▶ _Problem to work on_
Return the listing exactly, please; no pictures.

━━ Data

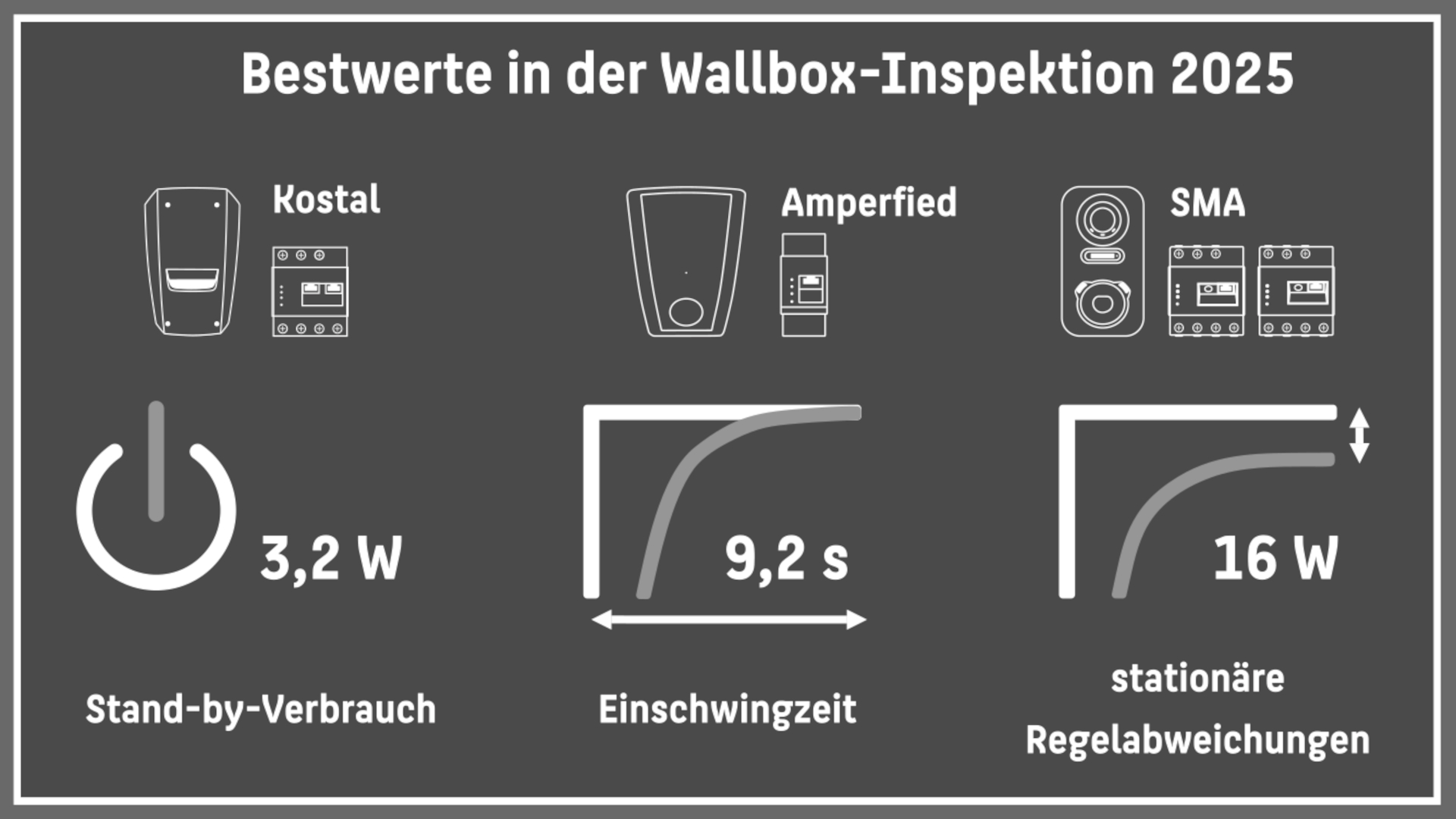 Die Labormessungen im Detail verdeutlichten, dass die Effizienz der Wallboxen, gemessen an der maximalen Nutzung des solaren Überschusses, von zwei zentralen, voneinander unabhängigen technischen Parametern abhängt. Diese sind die dynamische Regelgüte und die Eigenverluste im Bereitschaftsbetrieb. Dabei entscheidet die dynamische Regelgüte darüber, wie schnell und präzise die Wallbox auf kurzfristige Schwankungen der PV-Erzeugung oder der Haushaltslast reagieren kann. Dies ist essenziell, um einerseits den teuren Netzbezug zu vermeiden und andererseits keine wertvolle Solarenergie ungenutzt ins Netz einzuspeisen. Außerdem ist auch der zweite Faktor, die Minimierung der Eigenverluste (Stand-by-Verbrauch), ein kritischer Kostenfaktor, da die Wallboxen den Großteil des Jahres (>8.000 Stunden) inaktiv sind.
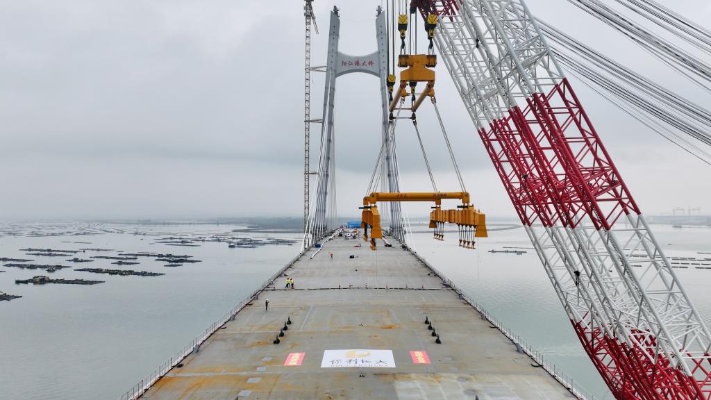 自 2022 年阳江港大桥主桥桩基施工以来,项目团队从技术创新简单化、设备选型智能化入手,以先进技术保障施工推进,并自主研发了双向液压调节吊具、运用了广东第一台起重量 240 吨超大型塔吊、建立了 24 小时气象监测站等新设备确保施工。最终阳江港大桥主桥从桩基开钻至钢箱梁合龙时间仅 23 个月。
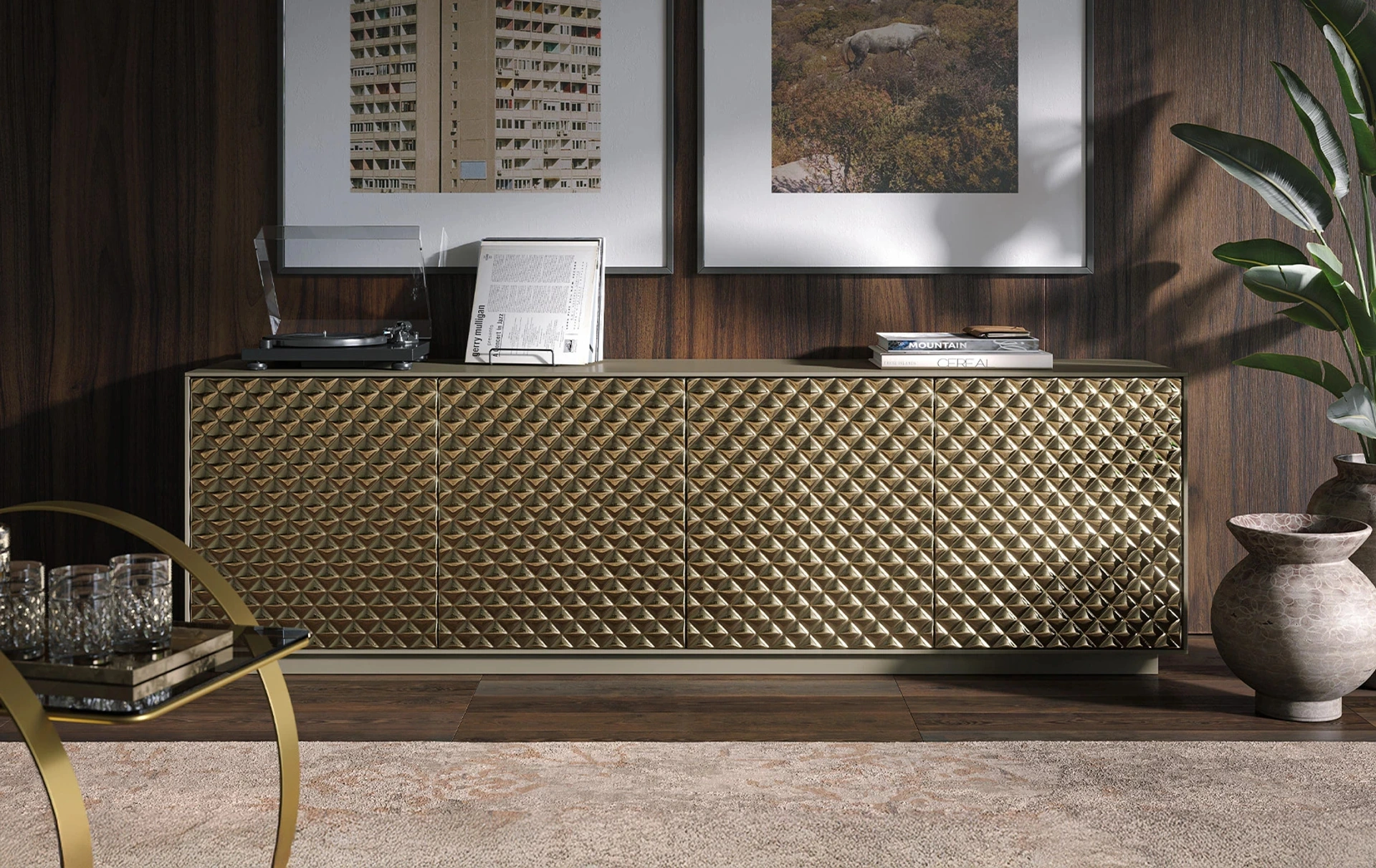 Scopri la Madia Luce di Tonin Casa, ora disponibile nel nostro showroom Mobili Riccelli S.r.l. a Rho. Questo pezzo d'arredo, ideale per chi cerca un tocco di eleganza sofisticata, si caratterizza per la sua struttura in legno laccato e le ante in vetro a specchio con motivi geometrici. Un design esclusivo che crea giochi di luce e riflessi, donando profondità e un'atmosfera ricercata al tuo living. Ti invitiamo a toccare con mano la qualità e ammirare dal vivo la Madia Luce, un'esclusiva che arricchirà ogni ambiente.

━━━━

▶ _Reply to the exercise_
 Die Labormessungen im Detail verdeutlichten, dass die Effizienz der Wallboxen, gemessen an der maximalen Nutzung des solaren Überschusses, von zwei zentralen, voneinander unabhängigen technischen Parametern abhängt. Diese sind die dynamische Regelgüte und die Eigenverluste im Bereitschaftsbetrieb. Dabei entscheidet die dynamische Regelgüte darüber, wie schnell und präzise die Wallbox auf kurzfristige Schwankungen der PV-Erzeugung oder der Haushaltslast reagieren kann. Dies ist essenziell, um einerseits den teuren Netzbezug zu vermeiden und andererseits keine wertvolle Solarenergie ungenutzt ins Netz einzuspeisen. Außerdem ist auch der zweite Faktor, die Minimierung der Eigenverluste (Stand-by-Verbrauch), ein kritischer Kostenfaktor, da die Wallboxen den Großteil des Jahres (>8.000 Stunden) inaktiv sind.
 自 2022 年阳江港大桥主桥桩基施工以来,项目团队从技术创新简单化、设备选型智能化入手,以先进技术保障施工推进,并自主研发了双向液压调节吊具、运用了广东第一台起重量 240 吨超大型塔吊、建立了 24 小时气象监测站等新设备确保施工。最终阳江港大桥主桥从桩基开钻至钢箱梁合龙时间仅 23 个月。
 Scopri la Madia Luce di Tonin Casa, ora disponibile nel nostro showroom Mobili Riccelli S.r.l. a Rho. Questo pezzo d'arredo, ideale per chi cerca un tocco di eleganza sofisticata, si caratterizza per la sua struttura in legno laccato e le ante in vetro a specchio con motivi geometrici. Un design esclusivo che crea giochi di luce e riflessi, donando profondità e un'atmosfera ricercata al tuo living. Ti invitiamo a toccare con mano la qualità e ammirare dal vivo la Madia Luce, un'esclusiva che arricchirà ogni ambiente.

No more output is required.